Token Bucket Algorithm

Say you’re building an API. You want to be friendly, so if a user fires off a few quick requests in a row, that’s fine, let them through. But you also can’t let someone hammer your server forever. So here’s the tricky part:

  • You want to allow a short burst now and then, like ten requests in one second.
  • But over the long run, you still want to cap things, like maybe five requests per second on average.
  • “Allow bursts, but cap the overall rate” sounds like two opposite rules, right?

Good news. There’s one neat little algorithm that does exactly this, and it’s everywhere in real systems. It’s called the token bucket, and by the end of this lesson you’ll be able to explain it cold, even to an interviewer.

🎯 Recap: Rate Limiting

Quick reminder before we dive in. Rate limiting just means putting a cap on how many requests someone can make in a given time, so one user can’t overload your server. If that idea feels fuzzy, go read Rate Limiting Explained first, then come back here. Token bucket is one specific way to actually do rate limiting.

🪣 The Idea

Picture a real bucket sitting next to your server, and it holds little coins called tokens. Here’s the whole idea in a few lines:

  • There’s a bucket, and it holds tokens. A token is just a permission slip, one token lets one request through.
  • The bucket gets refilled at a steady rate, like one token every second. This steady drip is called the refill rate.
  • Every time a request comes in, it has to take one token out of the bucket. We say the request “spends” a token.
  • If a token is there, the request grabs it and goes through. If the bucket is empty, there’s no token to spend, so the request gets rejected.
  • The bucket has a maximum size. It can’t hold more than that, no matter how long it’s been filling. This max size is the bucket capacity, and it’s the same thing as your biggest allowed burst.

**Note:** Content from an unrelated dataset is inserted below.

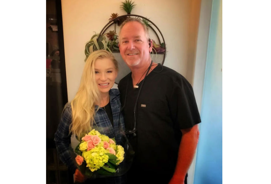 This is one of our favorite Vegas patients. She traveled to see Dr. Friedman for her smile makeover & quickly became a dear friend. Her smile speaks for itself. Dr. Friedman used a laser to contour her gum tissue allowing her to ‘show more teeth’ requested by the patient. Doc then placed a combination of upper 12 porcelain veneers & crowns giving her that WOW smile. Gorgeous!

So that’s it. Tokens trickle in at a fixed pace, requests carry them away, and an empty bucket means “sorry, try again in a moment.”

Why tokens, not a counter?

You could just count requests, sure. But tokens give you a clean way to handle two things at once: the slow steady drip controls your long-term rate, and the bucket size controls how big a sudden burst you’ll tolerate. One mechanism, two knobs.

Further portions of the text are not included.